1.         Illegal Evidence can Impeach - United States v. Havens (5th Cir, 1980)

a.    Facts: ∆, an attorney, was convicted of importing/possessing cocaine.

b.    Issue: Whether evidence suppressed as the fruit of an unlawful search and seizure may nevertheless be used to impeach a ∆’s false trial testimony, given in response to proper cross-examination, where the evidence does not squarely contradict the ∆’s testimony on direct examination.

c.    Holding: A ∆’s statements made in response to proper cross-examination reasonably suggested by the ∆’s direct examination are subject to otherwise proper impeachment by the government, albeit by evidence that has been illegally obtained and that is inadmissible on the government’s direct case, or otherwise, as a substantive evidence of guilt.

                                   iii.       Scope of the 4th Amendment: “The right of the people to be secure in their persons, houses, papers, and effects, against unreasonable searches and seizures, shall not be violated, and no warrants shall issue, but upon probable cause, supported by Oath or affirmation, and particularly describing the place to be searched, and the persons or things to be seized.”

1.         Meaning of Searches: (prof. sees it as an activity like peeking or prodding)

a.    Relationship Between Privacy and Property:

                                                                          i.          Public Telephone Booth Private - Katz v.

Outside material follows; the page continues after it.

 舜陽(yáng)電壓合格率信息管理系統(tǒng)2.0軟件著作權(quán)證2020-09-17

United States:

1.    Issue: whether a public telephone booth can be eavesdropped on to obtain evidence, and whether physical penetration of a protected area is necessary before a search & seizure can be said to violate the 4th Amendment. 

2.    Rule: What a person knowingly exposes to the public, even in his own home, is not a subject of 4th amend protection; but what he seeks to preserve as private, even in a publicly accessible area, may be constitutionally protected.  The requirement to find an unreasonable search is a twofold requirement: for (1) a subjective expectation of privacy (inferred from the evidence) and (2) that society objectively considers reasonable.  (i.e. a reasonable expectation of privacy.)  The reach of the 4th amend cannot turn upon the presence or absence of a physical intrusion into any given enclosure.  Searches conducted without warrants have been held unlawful notwithstanding facts unquestionably showing probable cause.

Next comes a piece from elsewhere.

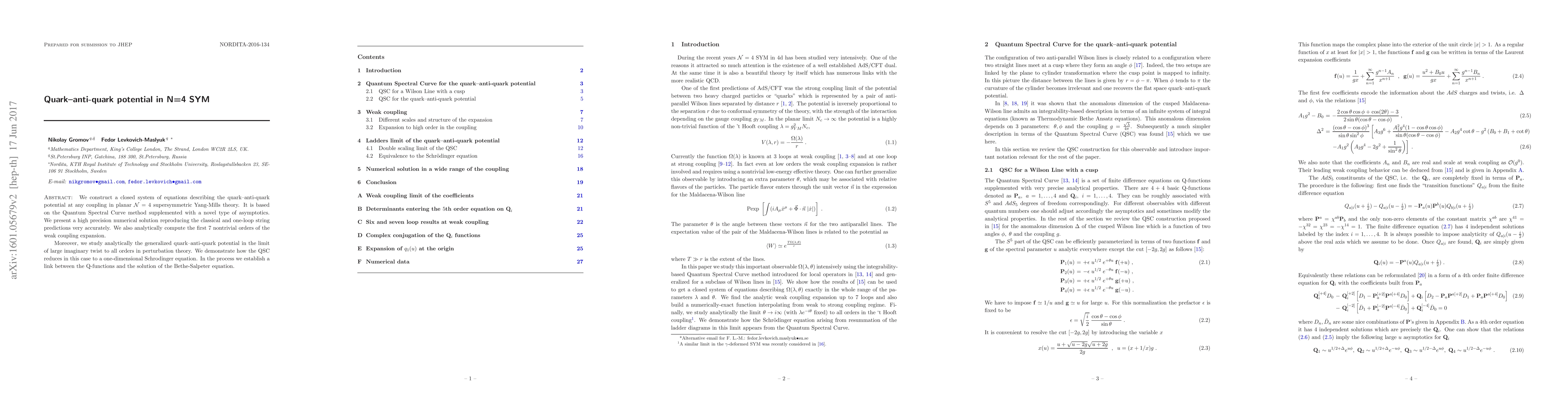 We construct a closed system of equations describing the quark--anti-quark potential at any coupling in planar N=4 supersymmetric Yang-Mills theory. It is based on the Quantum Spectral Curve method supplemented with a novel type of asymptotics. We present a high precision numerical solution reproducing the classical and one-loop string predictions very accurately. We also analytically compute the first 7 nontrivial orders of the weak coupling expansion. Moreover, we study analytically the generalized quark--anti-quark potential in the limit of large imaginary twist to all orders in perturbation theory. We demonstrate how the QSC reduces in this case to a one-dimensional Schrodinger equation. In the process we establish a link between the Q-functions and the solution of the Bethe-Salpeter equation.

3.    Holding: the gov’t activities in electronically listening to and recording the words violated the privacy which he justifiably relied while using the phone booth and thus constituted a search and seizure.

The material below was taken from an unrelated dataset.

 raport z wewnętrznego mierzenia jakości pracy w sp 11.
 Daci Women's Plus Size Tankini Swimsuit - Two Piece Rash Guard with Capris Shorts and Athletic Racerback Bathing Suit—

4.    Dissent: eavesdropping has been around for ages, and if the writers of the Constitution wanted to preclude it they could have explicitly forbade it in the 4th amendment.

                                                                        ii.          Open Fields not Private - Oliver v. US: ∆ charged with cultivating marijuana.  Officers found it being grown in their backyard without obtaining a search warrant.  Held, it was not a search because protection of a house does not extend to the open fields (the open fields doctrine) because there is no reasonable expectation of privacy of intimate activities which occur there.

                                                                       iii.          Curtilage Doctrine: a four-pronged test:

1.       Protective Steps by owner

2.       Uses to which area is put to

3.       Proximity to home

4.       Included within an enclosure?

                                                                      iv.          Aerial Surveillance not Invasive - Florida v. Riley:

1.             Issue: Whether surveillance of the inside of a partially covered greenhouse in a backyard from a helicopter constitutes a search for which a warrant is required under the 4th Amendment.

2.             Rule: Even if there is a subjective expectation of privacy, an objective showing that expectation is unreasonable will trump the first prong.

3.             Holding: There was no violation of the 4th Amendment.

4.             Note: the rules set the parameters of what the state can do without justification.  You can hover about, you can go into open fields, but you cannot bug places that are expected to be private (phones, hotel rooms, etc.).

                                                                        v.          Squeezing Bags Invasive: meth was found in the luggage in an overhead bin on a bus.  Manipulation of the exterior of the bag constituted a search.  “You can look but you can’t touch.”  Bond v. US.

1.       Note: the police may not utilize as a routine tactic of investigation prodding luggage.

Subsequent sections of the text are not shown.